In addition, we did not consider the difference between English and French too
much, because word2vec does not need any known semantic knowledge during
training, and it completely depends on the corpus.
3.1 Regular match expressions
We regard gold data as regular expressions to match, so if the text T in test
data directly appears in gold data, we predict that the ICD10 code of T is
the corresponding code. However, sometimes T may contain two or more kinds
of causes of death, in this case, we will split T according to expressions. For
instance, T is “Tableau de mort subite au cours d’un effort sportif” and regular
expressions R contains R1 “mort subite” and R2 “effort sportif”. When we use T
to match R, we will find that R1 is included in T , so we will predict that the
ICD10 code of T is the same with R1 . This method ignores R2 and lead to an
incomplete prediction, so we will split T into two parts, T1 ” mort subite” and
T2 ” Tableau de au cours d’un effort sportif”, and use T2 to match R and split
T2 until there is no more match between Tn and R. In the end, the ICD10 codes
of T is a collection of all Ti ’s mapping codes.

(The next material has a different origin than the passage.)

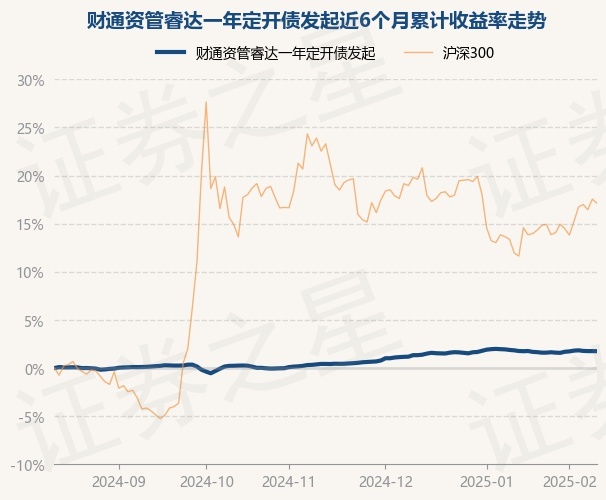 证券之星消息,2月13日,财通资管睿达一年定开债发起最新单位净值为1.0158元,累计净值为1.119元,较前一交易日下跌0.01%。历史数据显示该基金近1个月下跌0.02%,近3个月上涨1.32%,近6个月上涨1.75%,近1年上涨5.32%。该基金近6个月的累计收益率走势如下图:

Because there are two or more causes of death in a raw text, we adopted an
iterative strategy to improve the accuracy of the regular match: For S belonging
to the raw text set, we set it with the regular expression set R = {r1 , r2 , ...rn } to
match, when a certain expression ri is matched in S, ri is extracted from S as
T1 , and the remaining element in S is taken as S; judging whether S is empty,
if it is not empty, it continues to match R and split it and record ri as Ti ,until
the final phrase or word(entities) S can’t find matching elements in R. At this
time we consider the match is over.
3.2 RandomForest and Xgboost method
We utilize two kinds of machine learning methods: bagging and boosting. Ran-
domForest[6] [7] belongs to bagging and Xgboost[8] [9] belongs to boosting. In
order to train models, we extract some features from training data, which are
listed in table 2. All these features are provided by the organizers in training
files. What’s more, we use some natural language processing tools to extract
semantic features, such as stop words and stems. Our team treat this task as
a multi-classification, however, we divide those data into 26 categories depend-
ing on the first code rather than categorizing directly according to their whole
ICD10 codes. We first utilize word2vec model to translate raw text and standard
text into real-value vector and chose different dimensions (4,6,10) to train our
machine learning model. In the end, models will divide the test data into several
kinds ranging from A to Z. The output of machine learning method becomes the
input of similarity computation classification.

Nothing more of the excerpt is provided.